_PROBLEM STATEMENT_
In the entries below, find the line containing "跨境进口--Cumlaude珂蔓朵 洗必泰健康护理慕斯 165ml" and the line containing "Beskrivning: Äkta muntjak, liten". Copy those two lines and everything between them exactly, without the pictures.

_PROVIDED DATA_
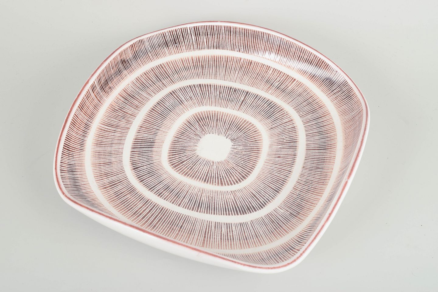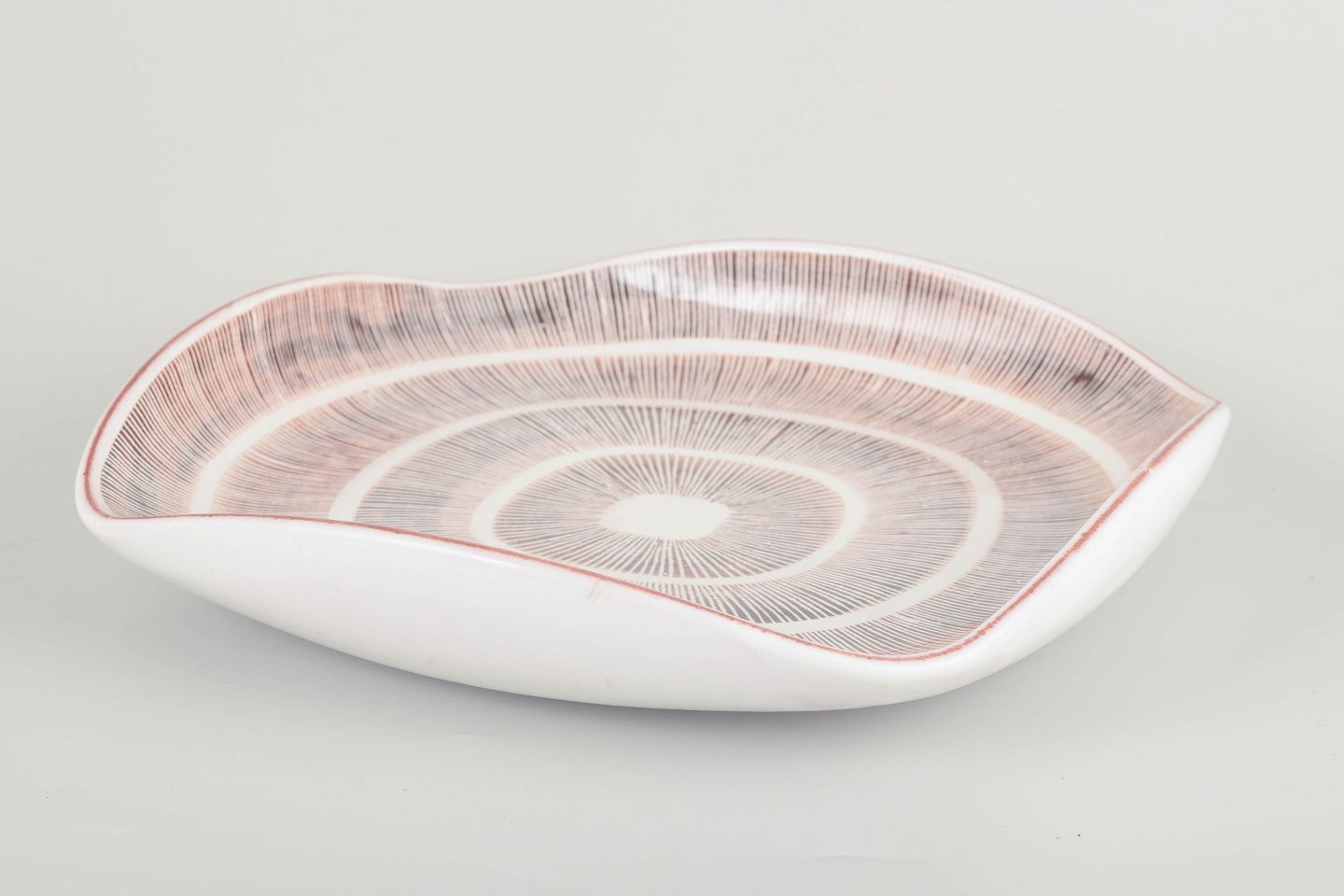 Organisk formet serveringsfad i glaseret stentøj med grafisk radialdekoration i rødlige og hvide toner.
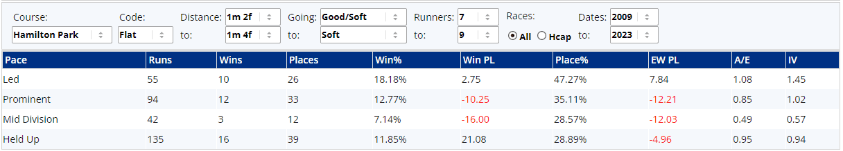 ...but over a straight 6f on what should be one of the best tracks in the country, I still think that any advantage wouldn't be that pronounced and that we should read more into how those races above have been won and our pace analyser says that half of those who lead go on to make the frame and that 1 in 5 leaders win with the general advice being to race as far forward as you can...
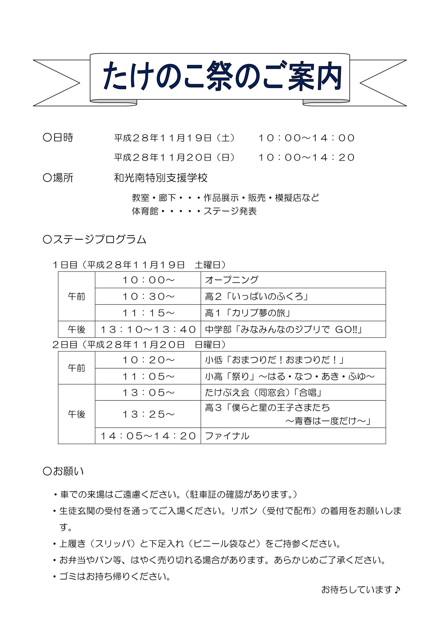 和光市 On Twitter 和光南特別支援学校 たけのこ祭 11月19日 土 20日 日 に和光南特別支援学校にてたけのこ祭が開催されます 生徒の皆さんのステージプログラム 作品展示 模擬店など盛りだくさん 車での来場はご遠慮いただいておりますので 来場の
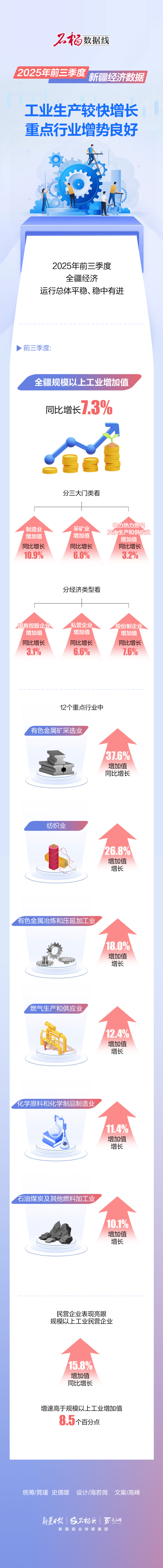 2025年前三季度,全疆规模以上工业增加值同比增长7.3%。分三大门类看,制造业、采矿业、电力热力燃气及水生产和供应业增加值同比分别增长10.9%、6.0%、3.2%。分经济类型看,国有控股企业、私营企业、股份制企业增加值同比分别增长3.1%、6.6%、7.6%。 12个重点行业中,有色金属矿采选业增加值同比增长37.6%、纺织业增加值增长26.8%、有色金属冶炼和压延加工业增加值增长18.0%、燃气生产和供应业增加值增长12.4%、化学原料和化学制品制造业增加值增长11.4%、石油煤炭及其他燃料加工业增加值增长10.1%。 民营企业表现亮眼,规模以上工业民营企业增加值同比增长15.8%,增速高于规模以上工业增加值8.5个百分点。 统筹/晁瑾 史儒雄 设计/海若微 文案/高峰
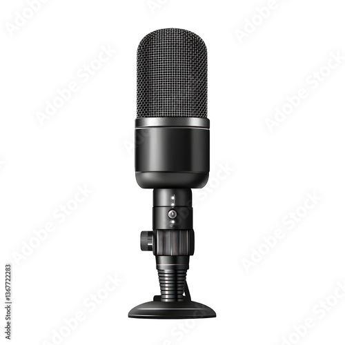 Professional podcast microphone capturing modern aesthetics and detailed branding, isolated transparent PNG, clearly visible English labels.
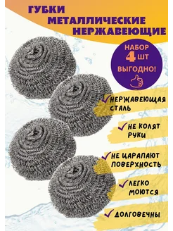 Губки для посуды металлические, 4 шт
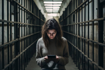 An image portraying a girl holding a smartphone inside an open prison with the door wide open, representing the mental captivity caused by social media
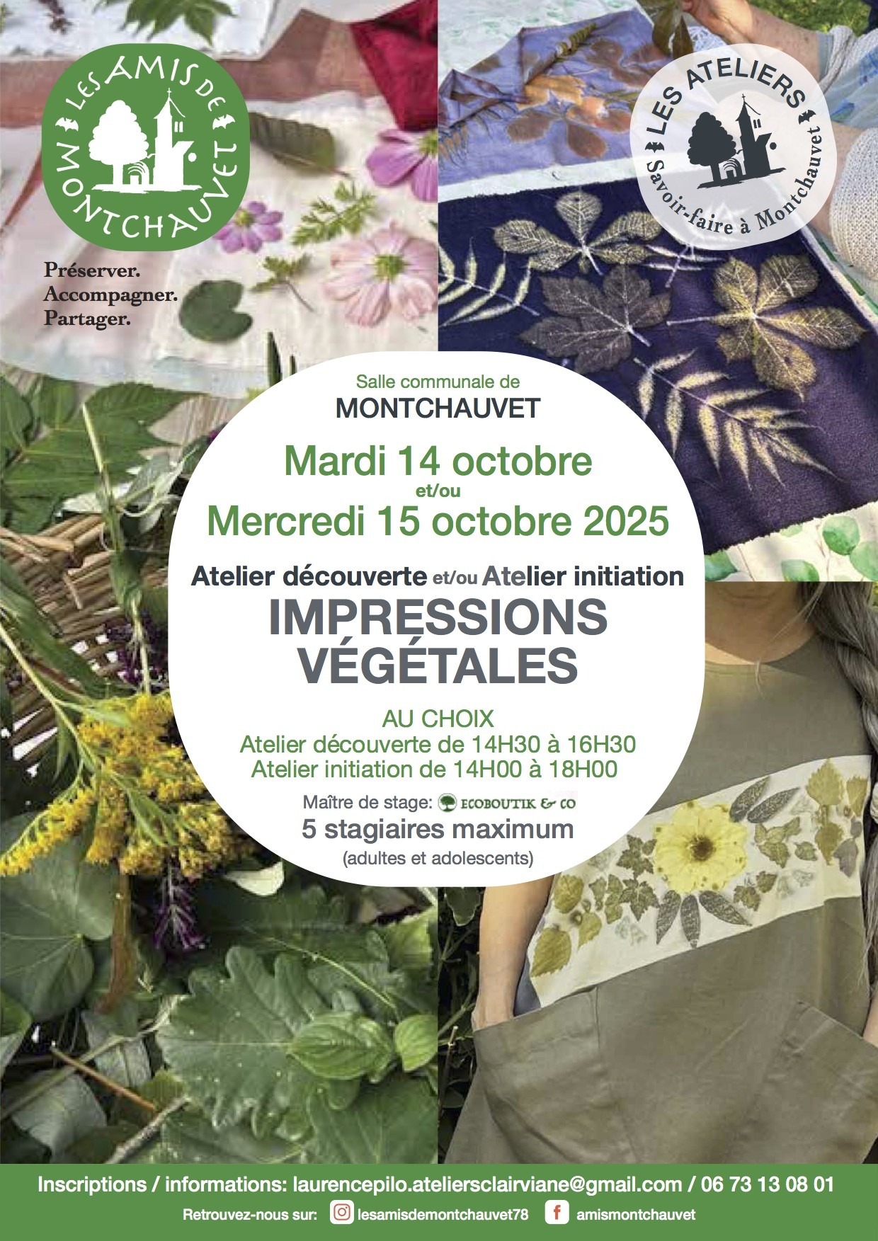 Les ateliers découverte et/ou initiation aux impressions végétales se dérouleront le mardi 14 et/ou le mercredi 15 octobre à la salle communale de Montchauvet.
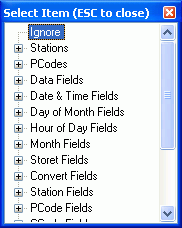 This list is divided into categories; expand the category and click on the desired item to map that column to that item. WRDB tries to help you out by examining the column headings and automatically assigning likely field names. In our example, if the first column ("Date Collected") had been given a more common name ("Date"), it would have been automatically assigned. However, because WRDB isn't sure about "Date Collected", it assigns the "Ignore" keyword instead, meaning "ignore this column entirely". All unrecognized column names are assigned "Ignore".
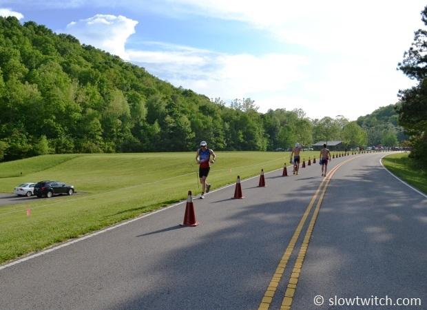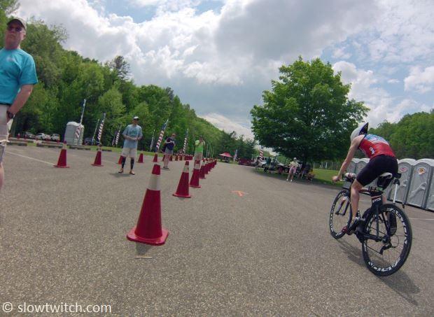 You do them all, and the cumulative time of all the races determines your finishing place. There is also an option to do only the half, for those without the {cough} cojones to try for the full event. The total mileage is almost identical to an Ironman, at about 140 miles. Note that the two Olympic races are actually slightly long, with run distances of 6.55 miles (the same course gets doubled for the Sunday race of 13.1 miles). All races feature a time-trial start, in groups of two or three participants.
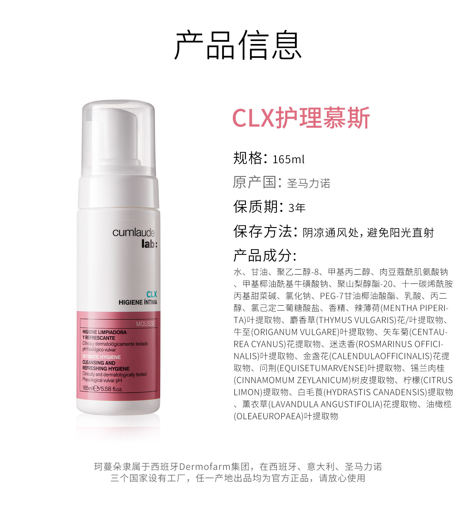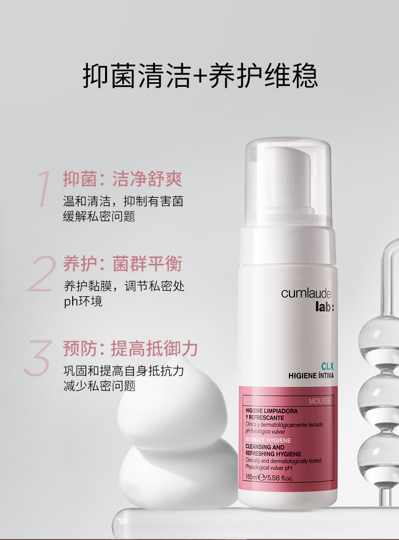 跨境进口--Cumlaude珂蔓朵 洗必泰健康护理慕斯 165ml
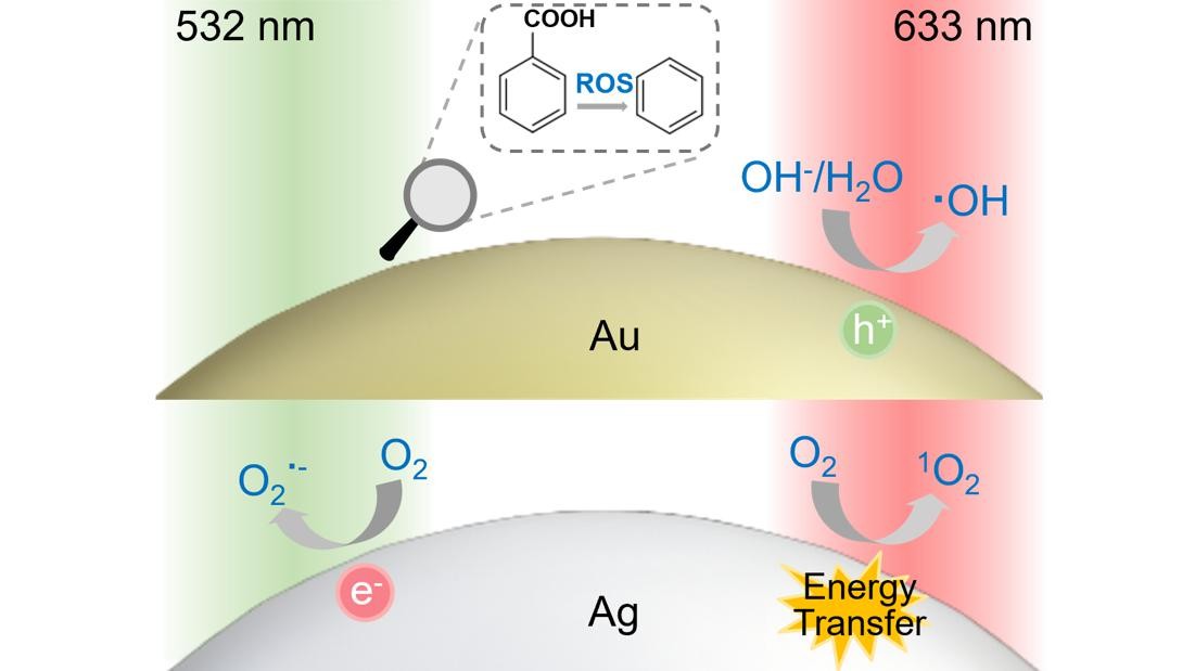 团队基于液相表面增强拉曼光谱方法,对等离激元诱导反应的氧化机制进行了研究。表面等离激元衰变产生的热载流子具有极高的能量,可以诱导化学键的断裂或形成,是驱动高活化能化学反应的可行策略。一种普遍的解释表明,具有还原性的热电子和具有氧化性的热空穴直接转移到反应物分子上,触发反应物分子的氧化还原反应。尽管这一理论在解释等离激元诱导的还原反应时屡试不爽,但在解释相关氧化过程时遇到了挑战。例如,银表面趋向于生成还原性的热电子,这无法解释银高效诱导的氧化反应;另外多个课题组发现了催化效率在非耦合激光下的显著提升,由于缺乏理论支撑,这种现象经常被归咎于纳米颗粒的聚合效应。
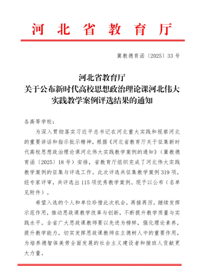 威廉希尔高度重视思想政治理论课建设,始终把提升思政课教学质量与育人实效作为核心任务,积极鼓励教师深入地方一线开展调研实践,挖掘河北红色资源、发展成就、先进典型等鲜活教学素材,推动思政课从“课堂讲授” 向 “实践育人” 延伸,从 “理论灌输” 向 “价值引领” 转型。此次入选省级优秀教学案例,既是学院思政课教学改革成果的集中体现,也为后续教学工作提供了宝贵的示范经验。未来,学院将以此次获奖为契机,进一步加强思政课教学团队建设,持续深化教学改革创新,不断丰富实践教学内容与形式,着力打造更多高质量的思政教学案例,让思政课真正成为学生喜闻乐见、终身受益的“金课”,为培养担当民族复兴大任的时代新人贡献更大力量。
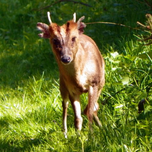 Beskrivning: Äkta muntjak, liten hjort som väger upp till 12 kg med en mankhöjd på max 46 cm och en kroppslängd utan svans på 85 cm. Sommardräkten är rödbrun och vinterdräkten gråbrun. Karaktäristisk mörkbrun ansiktsmask. Muntjaken har höga rosenstockar varifrån oansenliga horn växer upp. Hos hanarna är hörntänderna i överkäken kraftigt förlängda.
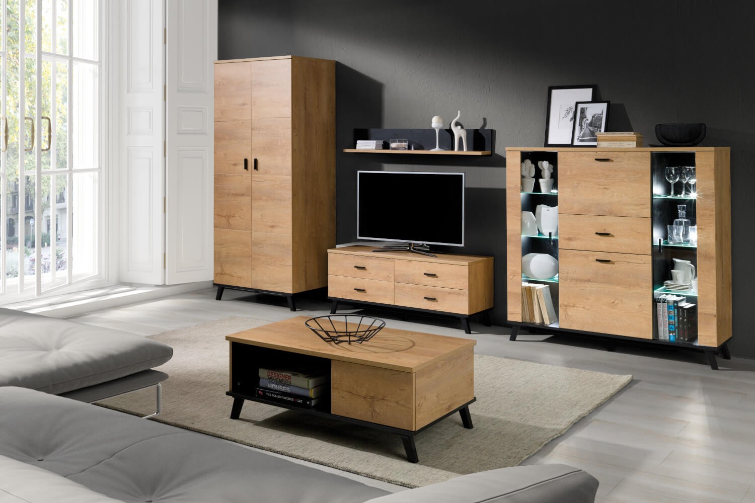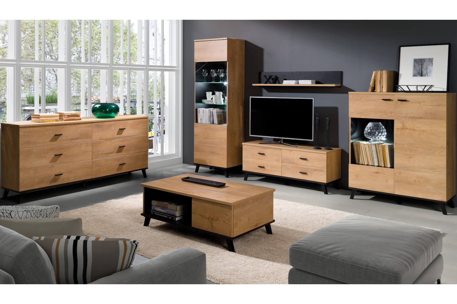 Komoda JON należy do kolekcji wykreowanej z myślą o nowoczesnym wzornictwie. Składa się z elementów wybawionych na kolor naturalnego drewna, doprawionego czarnymi detalami w postaci uchwytów i nóżek, na których zostały osadzone masywne bryły. Reprezentacyjny wygląd systemu będzie świetnym pomysłem na urządzenie pokoju dziennego, będącego głównym miejscem wszelkiego typu spotkań towarzyskich bądź wypoczynku. Nowoczesny i stylowy salon z systemem JON jest na wyciągnięcie ręki!

_SOLUTION_
 跨境进口--Cumlaude珂蔓朵 洗必泰健康护理慕斯 165ml
 团队基于液相表面增强拉曼光谱方法,对等离激元诱导反应的氧化机制进行了研究。表面等离激元衰变产生的热载流子具有极高的能量,可以诱导化学键的断裂或形成,是驱动高活化能化学反应的可行策略。一种普遍的解释表明,具有还原性的热电子和具有氧化性的热空穴直接转移到反应物分子上,触发反应物分子的氧化还原反应。尽管这一理论在解释等离激元诱导的还原反应时屡试不爽,但在解释相关氧化过程时遇到了挑战。例如,银表面趋向于生成还原性的热电子,这无法解释银高效诱导的氧化反应;另外多个课题组发现了催化效率在非耦合激光下的显著提升,由于缺乏理论支撑,这种现象经常被归咎于纳米颗粒的聚合效应。
 威廉希尔高度重视思想政治理论课建设,始终把提升思政课教学质量与育人实效作为核心任务,积极鼓励教师深入地方一线开展调研实践,挖掘河北红色资源、发展成就、先进典型等鲜活教学素材,推动思政课从“课堂讲授” 向 “实践育人” 延伸,从 “理论灌输” 向 “价值引领” 转型。此次入选省级优秀教学案例,既是学院思政课教学改革成果的集中体现,也为后续教学工作提供了宝贵的示范经验。未来,学院将以此次获奖为契机,进一步加强思政课教学团队建设,持续深化教学改革创新,不断丰富实践教学内容与形式,着力打造更多高质量的思政教学案例,让思政课真正成为学生喜闻乐见、终身受益的“金课”,为培养担当民族复兴大任的时代新人贡献更大力量。
 Beskrivning: Äkta muntjak, liten hjort som väger upp till 12 kg med en mankhöjd på max 46 cm och en kroppslängd utan svans på 85 cm. Sommardräkten är rödbrun och vinterdräkten gråbrun. Karaktäristisk mörkbrun ansiktsmask. Muntjaken har höga rosenstockar varifrån oansenliga horn växer upp. Hos hanarna är hörntänderna i överkäken kraftigt förlängda.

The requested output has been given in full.